§ **The problem**:
The needed output is the run of lines below from the one containing "実際現在でも24%のご家庭で" through the one containing "برعاية كريمة من", copied exactly and free of pictures.

§ **Supplied records**:
%%
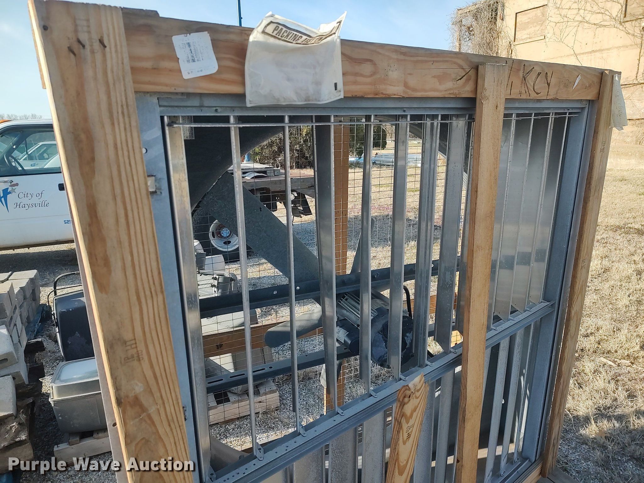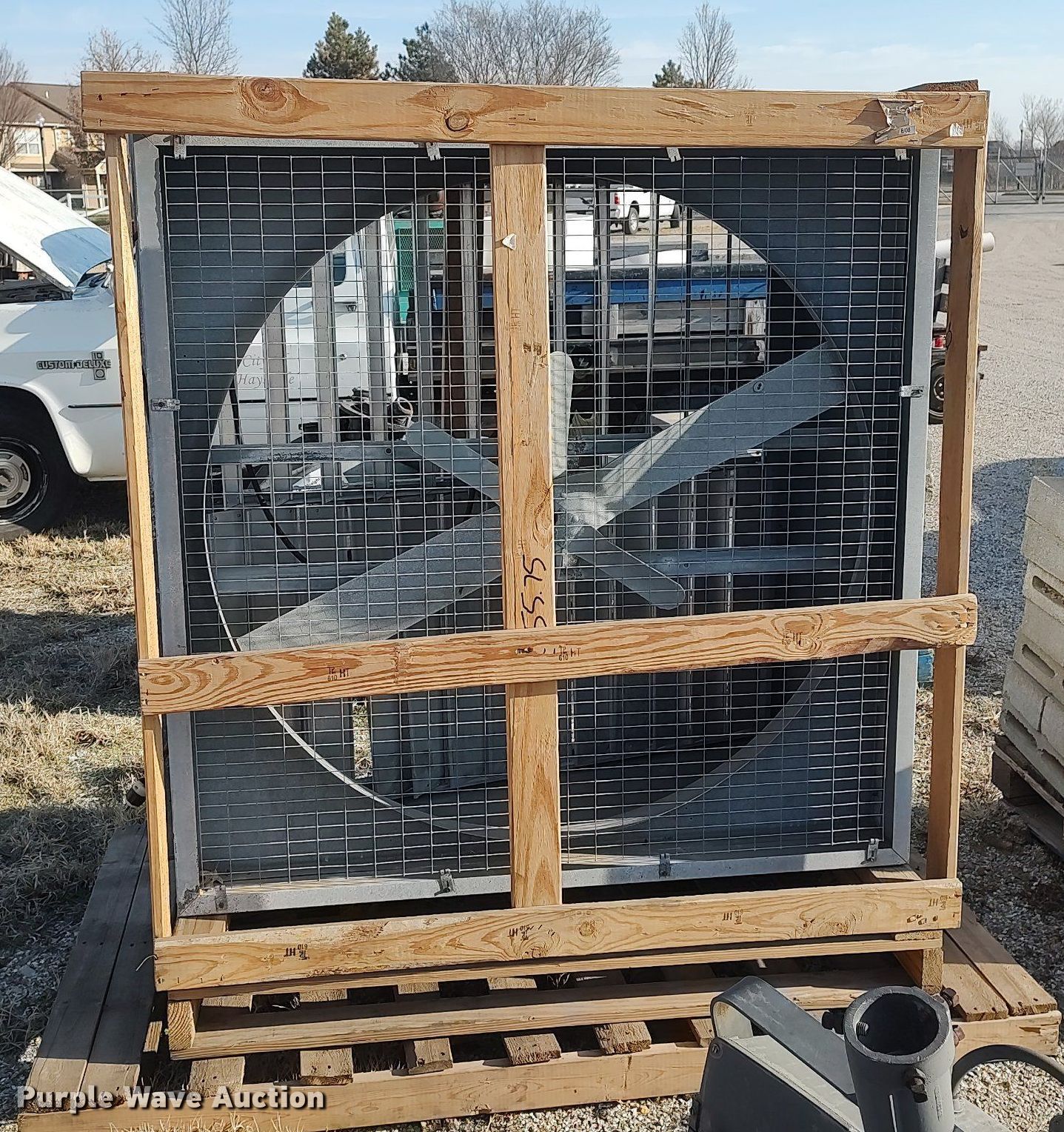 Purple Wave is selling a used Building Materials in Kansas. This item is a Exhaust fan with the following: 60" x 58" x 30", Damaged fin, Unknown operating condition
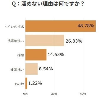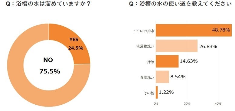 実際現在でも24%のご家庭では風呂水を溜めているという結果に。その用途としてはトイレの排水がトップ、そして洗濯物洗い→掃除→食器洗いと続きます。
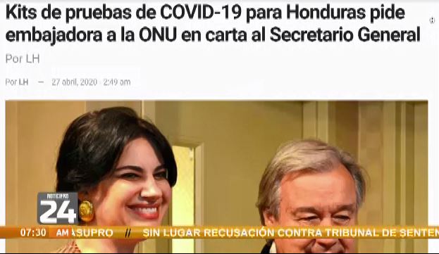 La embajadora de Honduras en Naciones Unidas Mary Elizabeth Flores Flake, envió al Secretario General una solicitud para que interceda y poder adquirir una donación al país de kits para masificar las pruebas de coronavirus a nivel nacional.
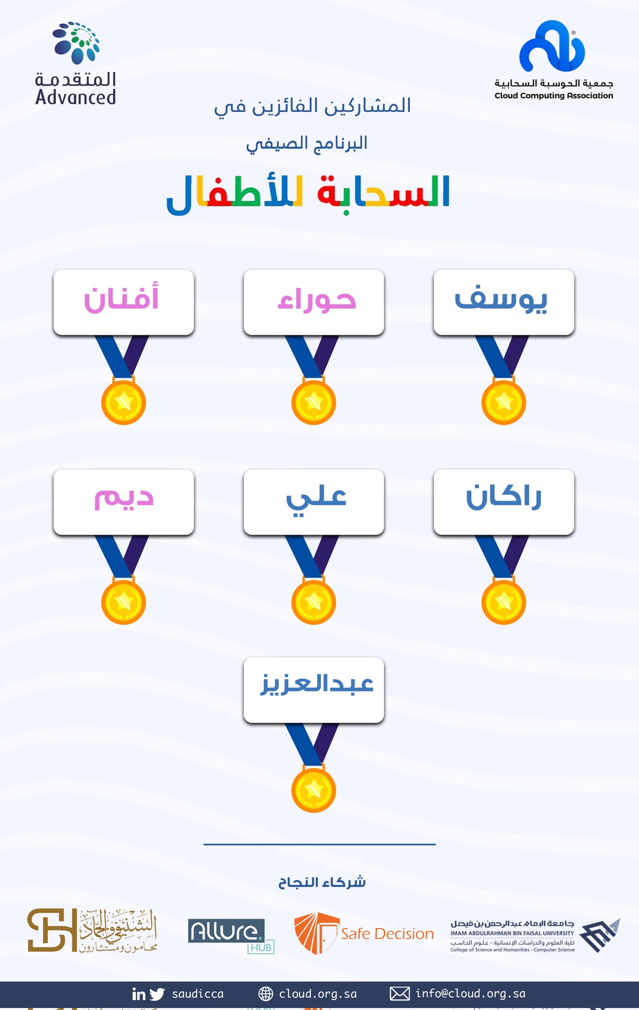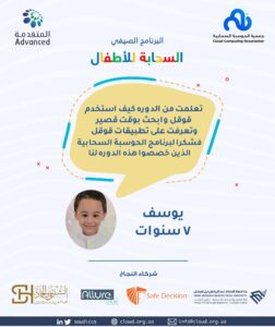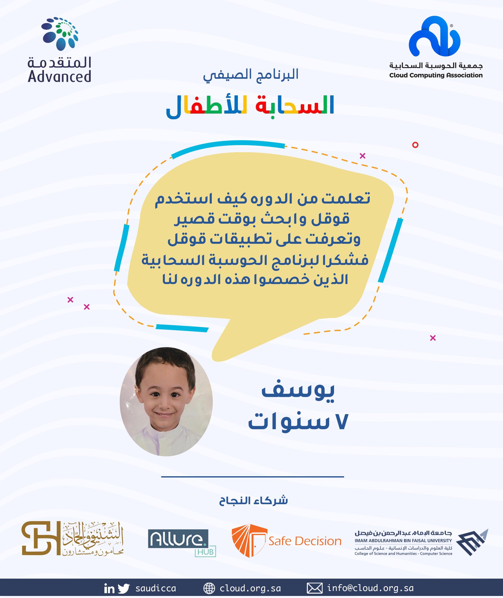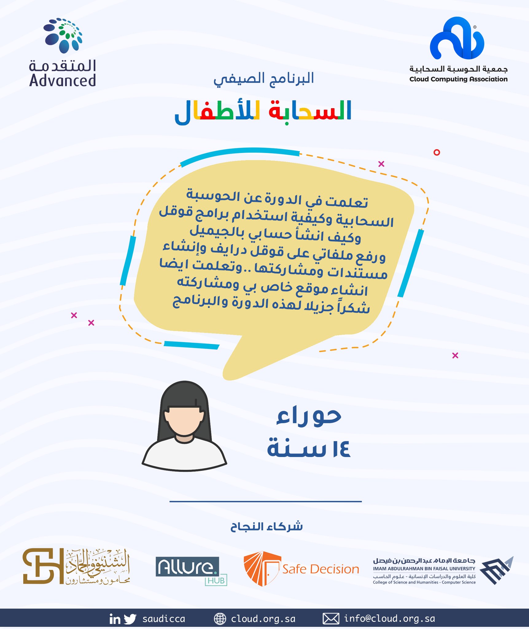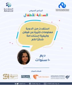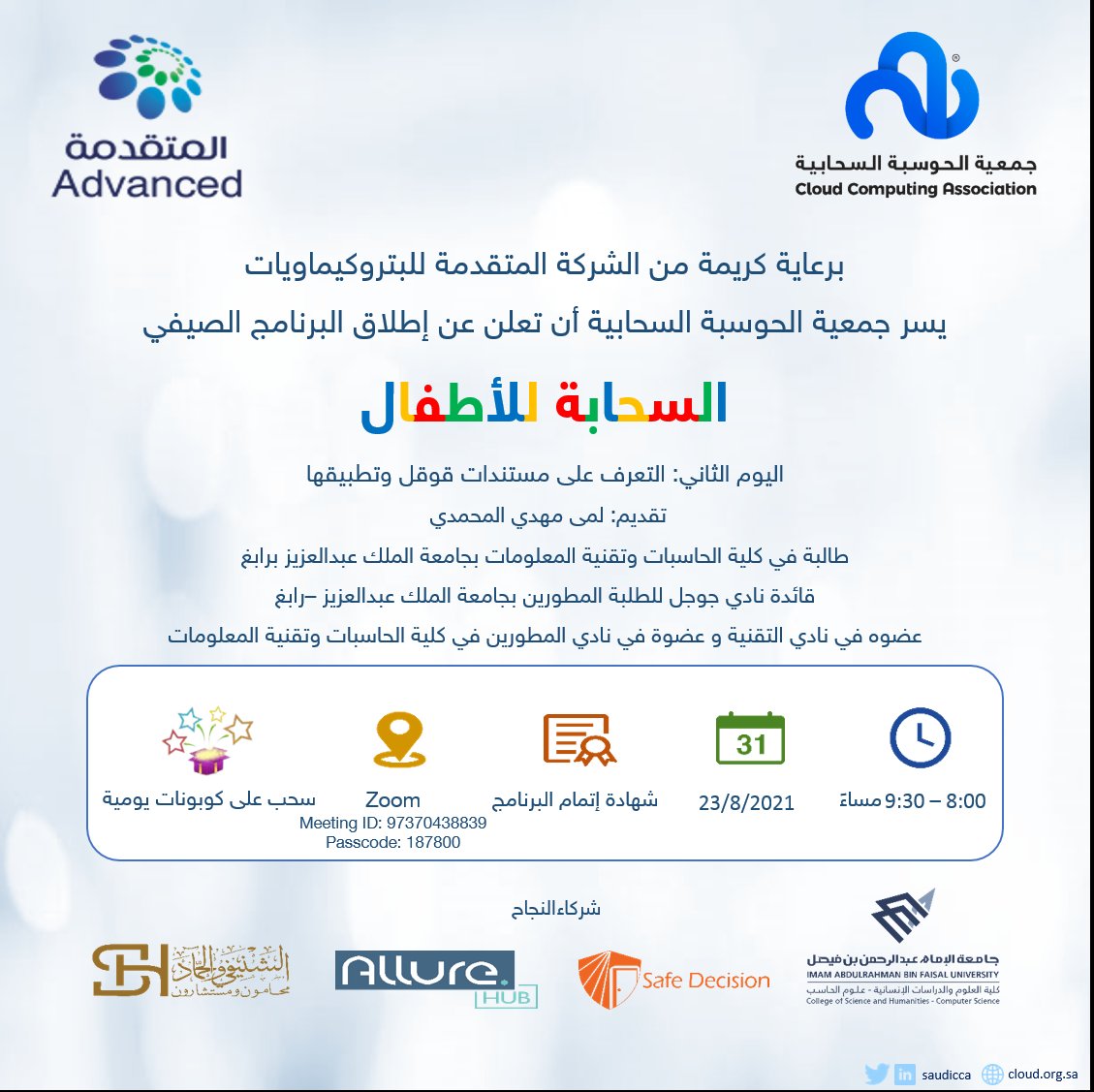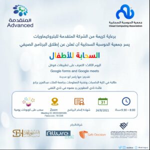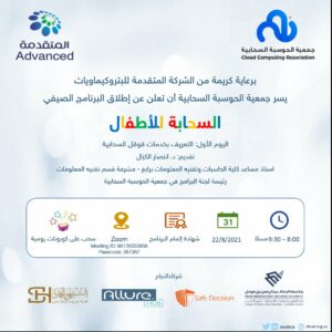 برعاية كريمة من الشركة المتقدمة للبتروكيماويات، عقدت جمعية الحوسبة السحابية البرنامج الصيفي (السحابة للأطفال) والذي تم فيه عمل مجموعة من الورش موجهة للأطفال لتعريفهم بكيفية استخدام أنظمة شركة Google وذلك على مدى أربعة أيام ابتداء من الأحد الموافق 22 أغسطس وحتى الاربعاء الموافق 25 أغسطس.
%%
%%
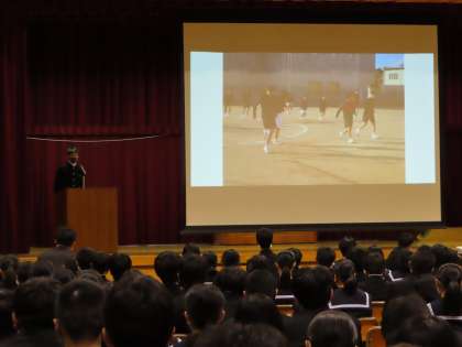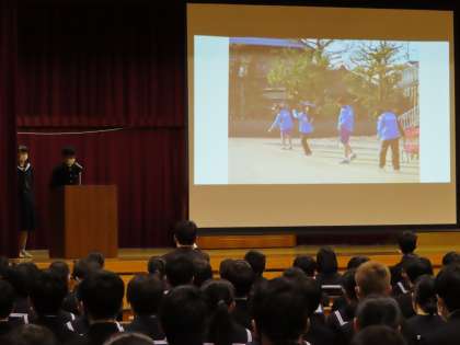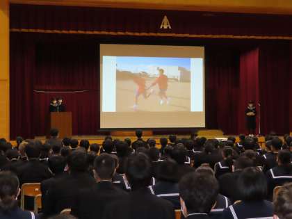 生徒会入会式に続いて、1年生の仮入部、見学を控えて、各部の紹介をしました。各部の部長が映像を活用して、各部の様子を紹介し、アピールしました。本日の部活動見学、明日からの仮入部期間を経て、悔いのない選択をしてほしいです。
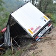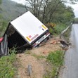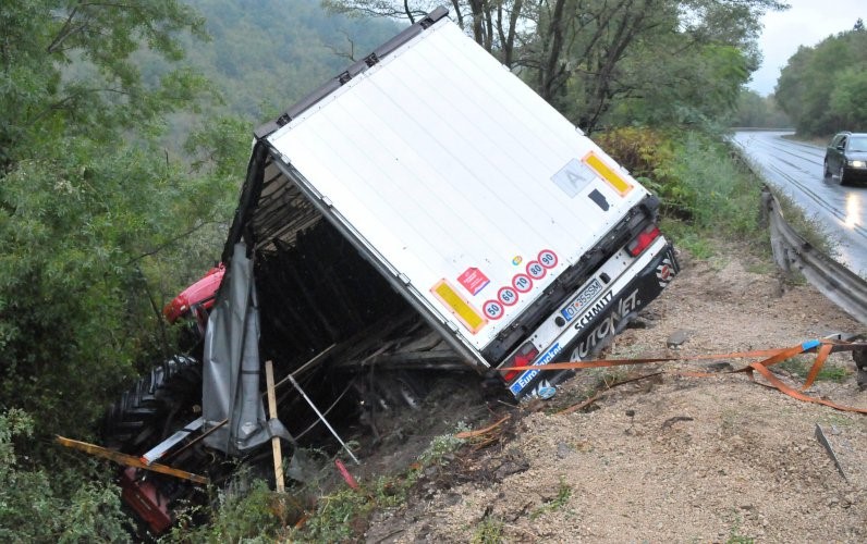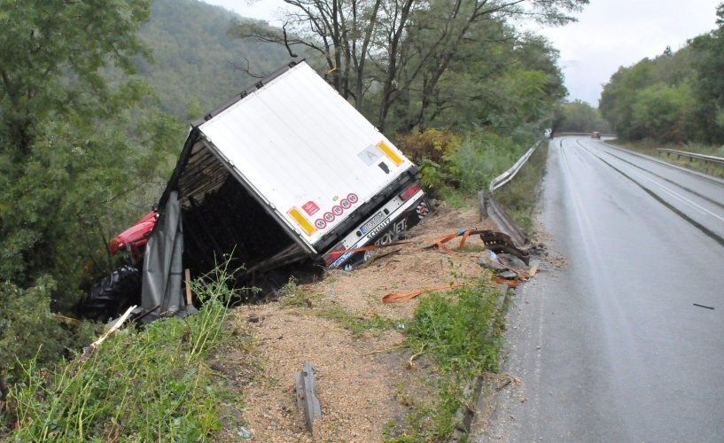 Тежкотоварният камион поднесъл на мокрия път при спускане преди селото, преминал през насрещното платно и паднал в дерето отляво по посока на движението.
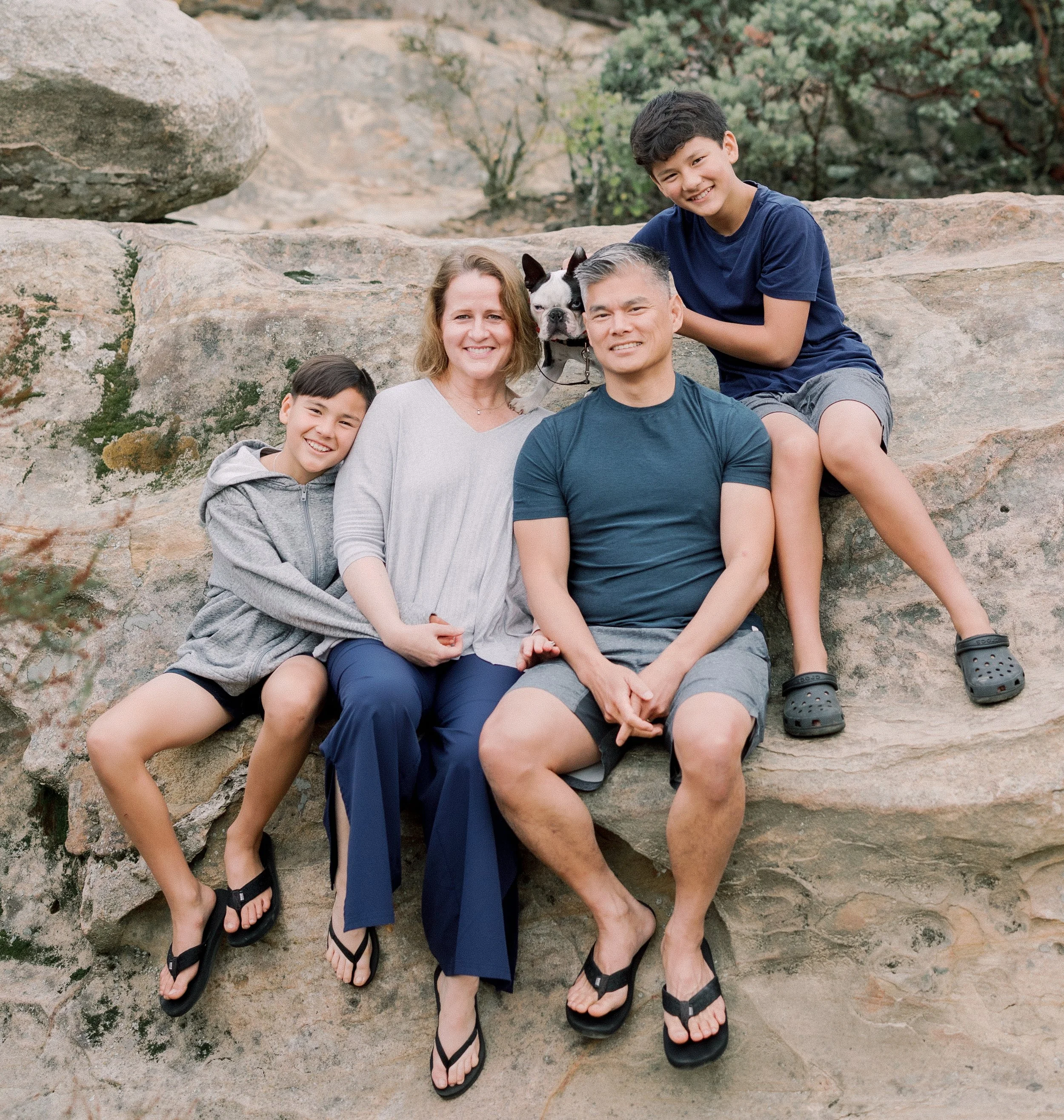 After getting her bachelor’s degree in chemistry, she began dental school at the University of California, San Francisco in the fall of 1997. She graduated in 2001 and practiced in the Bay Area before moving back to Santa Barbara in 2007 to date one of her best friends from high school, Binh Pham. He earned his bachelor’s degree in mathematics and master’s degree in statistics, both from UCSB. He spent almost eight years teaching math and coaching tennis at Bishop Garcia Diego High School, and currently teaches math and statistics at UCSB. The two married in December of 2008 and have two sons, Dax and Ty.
%%
%%
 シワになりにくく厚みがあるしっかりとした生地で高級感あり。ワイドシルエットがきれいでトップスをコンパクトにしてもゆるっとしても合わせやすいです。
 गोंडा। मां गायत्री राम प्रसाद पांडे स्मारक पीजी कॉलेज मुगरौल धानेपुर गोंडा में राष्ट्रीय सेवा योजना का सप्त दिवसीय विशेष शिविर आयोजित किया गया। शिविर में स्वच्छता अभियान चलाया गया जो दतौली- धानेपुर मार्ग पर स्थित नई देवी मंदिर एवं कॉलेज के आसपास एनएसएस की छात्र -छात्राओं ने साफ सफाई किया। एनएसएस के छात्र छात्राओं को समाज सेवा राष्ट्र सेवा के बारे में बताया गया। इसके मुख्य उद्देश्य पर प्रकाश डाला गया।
%%
§ **Problem solution**:
 実際現在でも24%のご家庭では風呂水を溜めているという結果に。その用途としてはトイレの排水がトップ、そして洗濯物洗い→掃除→食器洗いと続きます。
 La embajadora de Honduras en Naciones Unidas Mary Elizabeth Flores Flake, envió al Secretario General una solicitud para que interceda y poder adquirir una donación al país de kits para masificar las pruebas de coronavirus a nivel nacional.
 برعاية كريمة من الشركة المتقدمة للبتروكيماويات، عقدت جمعية الحوسبة السحابية البرنامج الصيفي (السحابة للأطفال) والذي تم فيه عمل مجموعة من الورش موجهة للأطفال لتعريفهم بكيفية استخدام أنظمة شركة Google وذلك على مدى أربعة أيام ابتداء من الأحد الموافق 22 أغسطس وحتى الاربعاء الموافق 25 أغسطس.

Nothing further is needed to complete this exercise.